We evaluated three models and four model outcomes, for 30 common species and across four regions in the eastern United States, for agreement and enriched interpretation for forest management. Comparisons indicated high agreement for many species, especially northern species modeled to lose habitat in coming decades. TreeAtlas and Linkages outputs had the greatest agreement, but each had reasonable agreement with many species outputs from Landis, particularly when Landis was simulated to 2300. Most differences in projected change could be rationalized based on whether models considered realized versus fundamental niches, inclusion or not of succession, disturbance, and dispersal components, and the errors associated with incomplete knowledge and model constructs of ecological drivers, species parameters, and species interactions.
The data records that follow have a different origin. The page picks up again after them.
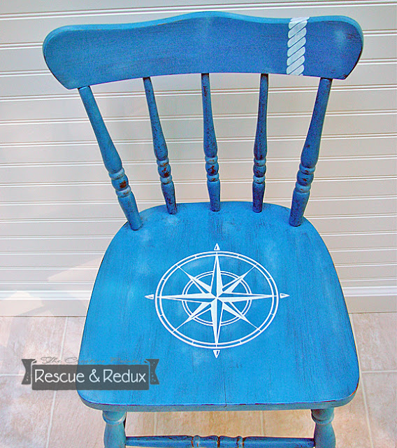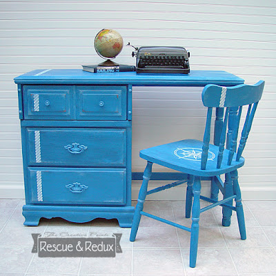 The desk and chair were painted using Americana Decor Chalky Finish in Legacy and then lightly distressed. I felt it needed a nautical theme so I created the rope and compass stencils using the SCAL software program. I cut the stencils from vinyl and painted them on using Everlasting . I actually had some issues with the rope detail on top of the desk and ended up sanding it off and painting it back on by hand. I think it turned out okay! After drying overnight, I lightly sanded the roping to give it a worn look. Next the pieces got a coat of clear wax. Finally, I lightly white washed both pieces with white wax.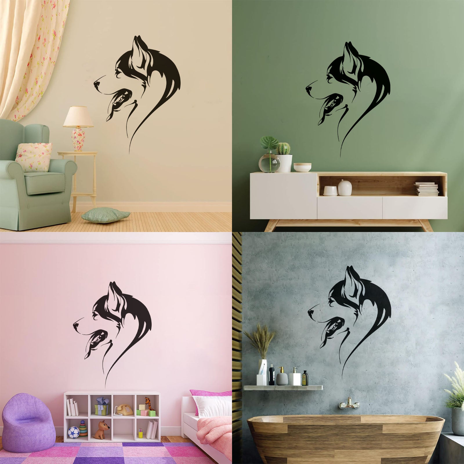 Abstract Dog Head Of Husky Animal Pet Vinyl Wall Decals Self Adhesive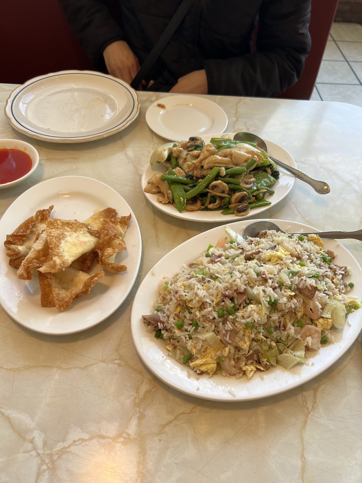 We ordered 3 dishes from the dinner for two. On the plus side, the fried rice alone was enough for two of us. However the vegetarian egg rolls were heavy on celery (which I dont care to eat). The egg rolls were a bit unusual in that they are regular wonton wrappers that were then breaded and deep fried. The crispy outer shell was a nice change, but the oil it was fried in had overtones of a gamut of other things fried in the same oil. And the filling was about 45% celery. In addition, this preparation method left the inner egg roll limp and oily.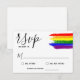 LGBT wedding RSVP with charming fonts, rainbow pride flag in paint brush strokes and a white background.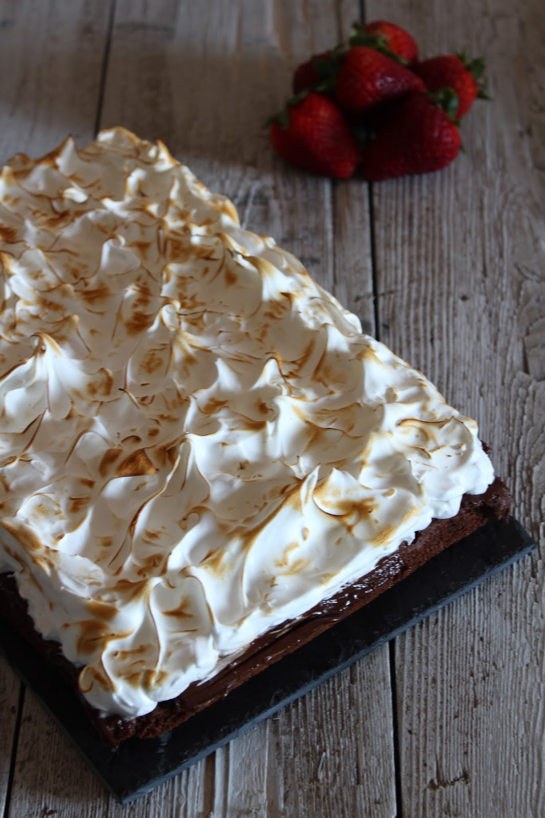 Com a espátula, espalhe o merengue por cima do brownie, faça uns picos e queime com um maçarico de cozinha.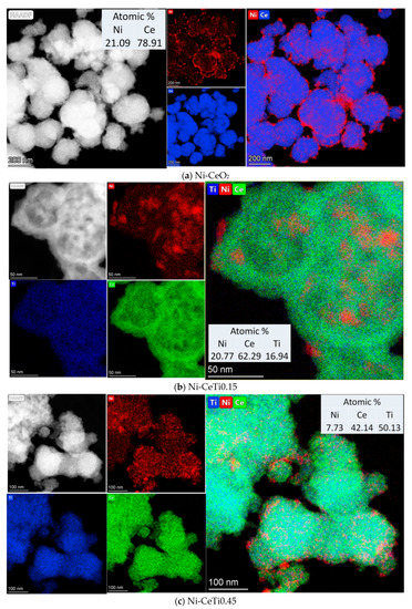 The dark-field images with EDX analysis of Ni-CeO2 demonstrated that nickel is distributed in the form of large particles over the surface of fluorite particle agglomerates (Figure 5a). For Ti-doped catalysts, the homogeneous distribution of Ti and Ce cations in the oxide structure is observed even at high Ti contents and Ni distribution is more uniform than for pure CeO2, suggesting that some Ni cations can be incorporated into the fluorite lattice.

Clearly there is still uncertainty imbedded in each of the models, such that any application stemming from them requires a thorough vetting through the lens of experts. A geographic analysis provided evidence that a simple calculation of mean center of species versus location of interest provides a basic idea on potential for the species under climate change. Of course the mantra “all models are wrong, but some are useful” (Box and Draper 1987) holds here but we suggest a unified analysis of multiple models provides a more consistent interpretation of the future for use in vulnerability assessments and adaptation planning.